__DATA IN THIS EXERCISE__:
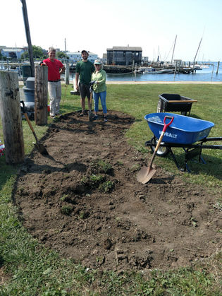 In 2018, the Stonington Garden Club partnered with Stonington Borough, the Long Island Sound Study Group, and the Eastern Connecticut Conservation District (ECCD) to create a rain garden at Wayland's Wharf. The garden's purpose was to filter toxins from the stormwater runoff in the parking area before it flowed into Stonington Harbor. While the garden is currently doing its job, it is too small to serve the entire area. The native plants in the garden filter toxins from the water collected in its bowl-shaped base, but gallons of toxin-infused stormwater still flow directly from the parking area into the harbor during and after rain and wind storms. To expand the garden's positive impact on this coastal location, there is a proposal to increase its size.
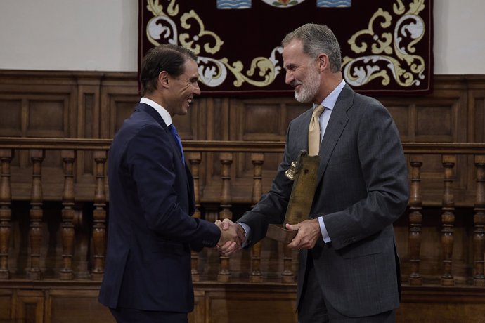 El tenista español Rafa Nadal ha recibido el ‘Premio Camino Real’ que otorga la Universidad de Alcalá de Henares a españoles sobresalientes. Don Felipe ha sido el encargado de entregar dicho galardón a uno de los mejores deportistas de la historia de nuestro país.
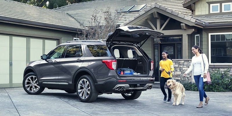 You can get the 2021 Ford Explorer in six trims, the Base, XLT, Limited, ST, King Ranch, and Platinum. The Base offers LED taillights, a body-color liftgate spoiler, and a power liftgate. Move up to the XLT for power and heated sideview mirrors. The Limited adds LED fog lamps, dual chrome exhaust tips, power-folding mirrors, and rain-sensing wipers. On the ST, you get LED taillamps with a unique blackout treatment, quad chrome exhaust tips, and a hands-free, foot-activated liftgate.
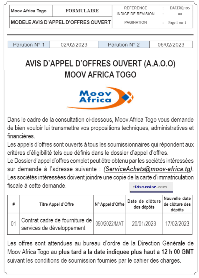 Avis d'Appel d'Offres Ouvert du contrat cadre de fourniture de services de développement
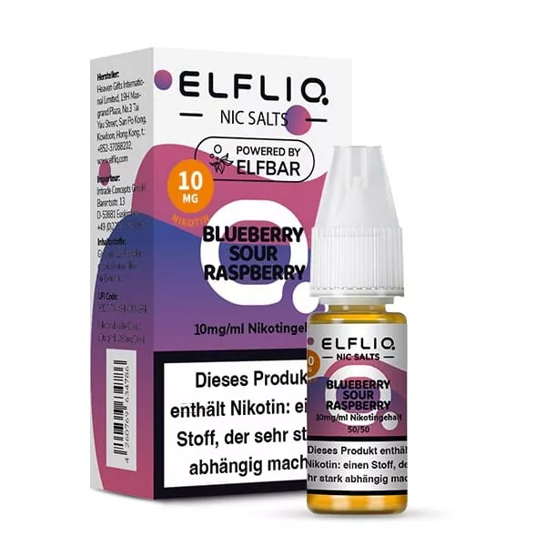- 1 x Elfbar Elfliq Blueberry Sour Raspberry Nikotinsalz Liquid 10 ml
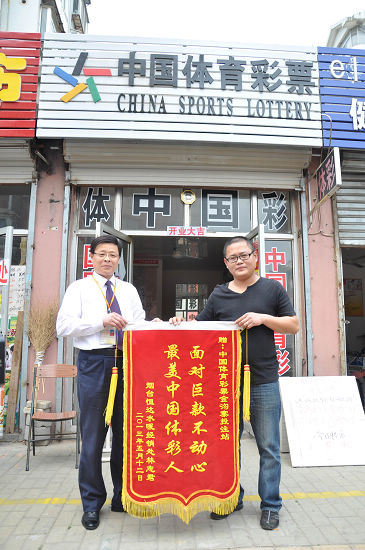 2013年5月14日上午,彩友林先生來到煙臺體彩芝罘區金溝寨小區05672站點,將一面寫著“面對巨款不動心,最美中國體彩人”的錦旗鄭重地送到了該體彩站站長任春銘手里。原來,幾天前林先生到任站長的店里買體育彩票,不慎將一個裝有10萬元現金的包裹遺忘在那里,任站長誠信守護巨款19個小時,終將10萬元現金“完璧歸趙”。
---
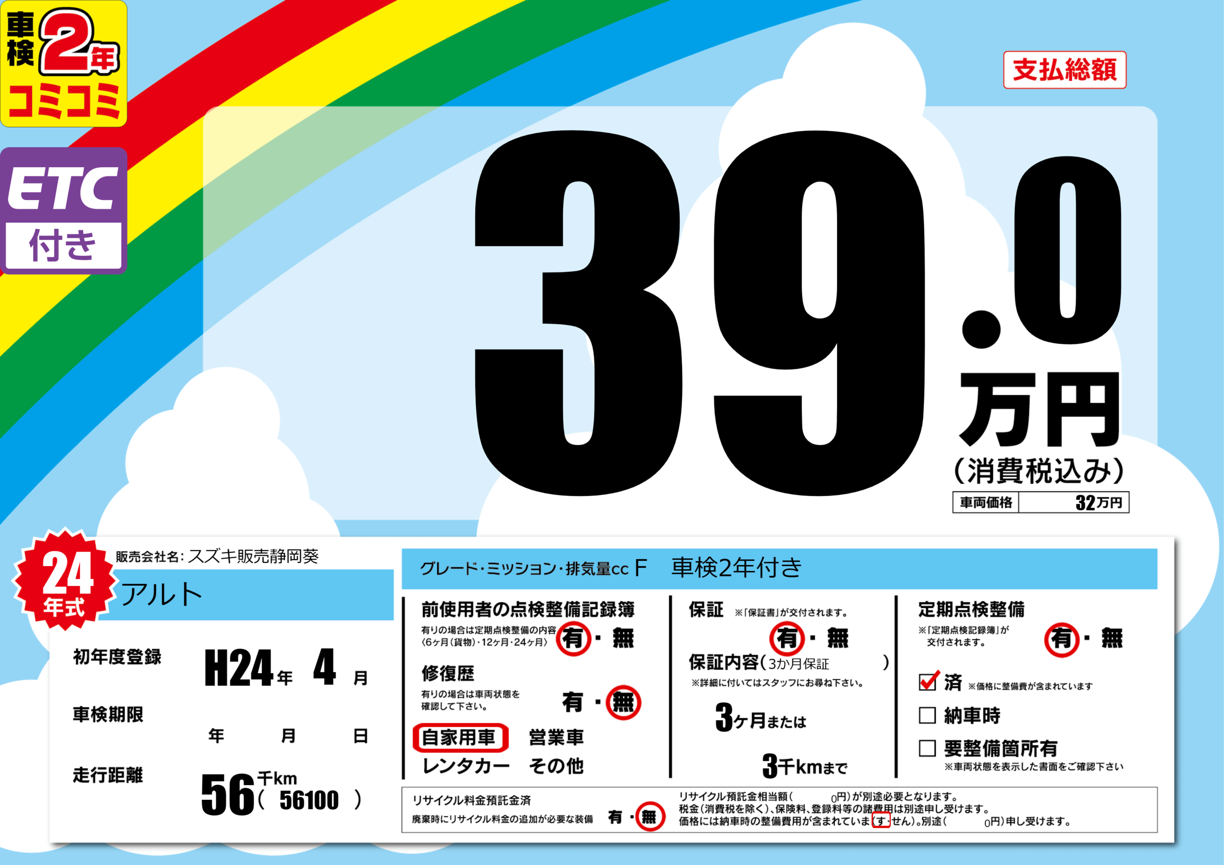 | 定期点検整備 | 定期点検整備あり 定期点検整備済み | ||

__TASK DESCRIPTION__:
Write out exactly the lines above between the one with "El tenista español" and the one with "2013年5月14日上午,彩", inclusive, with pictures left out.

__TASK RESPONSE__:
 El tenista español Rafa Nadal ha recibido el ‘Premio Camino Real’ que otorga la Universidad de Alcalá de Henares a españoles sobresalientes. Don Felipe ha sido el encargado de entregar dicho galardón a uno de los mejores deportistas de la historia de nuestro país.
 You can get the 2021 Ford Explorer in six trims, the Base, XLT, Limited, ST, King Ranch, and Platinum. The Base offers LED taillights, a body-color liftgate spoiler, and a power liftgate. Move up to the XLT for power and heated sideview mirrors. The Limited adds LED fog lamps, dual chrome exhaust tips, power-folding mirrors, and rain-sensing wipers. On the ST, you get LED taillamps with a unique blackout treatment, quad chrome exhaust tips, and a hands-free, foot-activated liftgate.
 Avis d'Appel d'Offres Ouvert du contrat cadre de fourniture de services de développement
- 1 x Elfbar Elfliq Blueberry Sour Raspberry Nikotinsalz Liquid 10 ml
 2013年5月14日上午,彩友林先生來到煙臺體彩芝罘區金溝寨小區05672站點,將一面寫著“面對巨款不動心,最美中國體彩人”的錦旗鄭重地送到了該體彩站站長任春銘手里。原來,幾天前林先生到任站長的店里買體育彩票,不慎將一個裝有10萬元現金的包裹遺忘在那里,任站長誠信守護巨款19個小時,終將10萬元現金“完璧歸趙”。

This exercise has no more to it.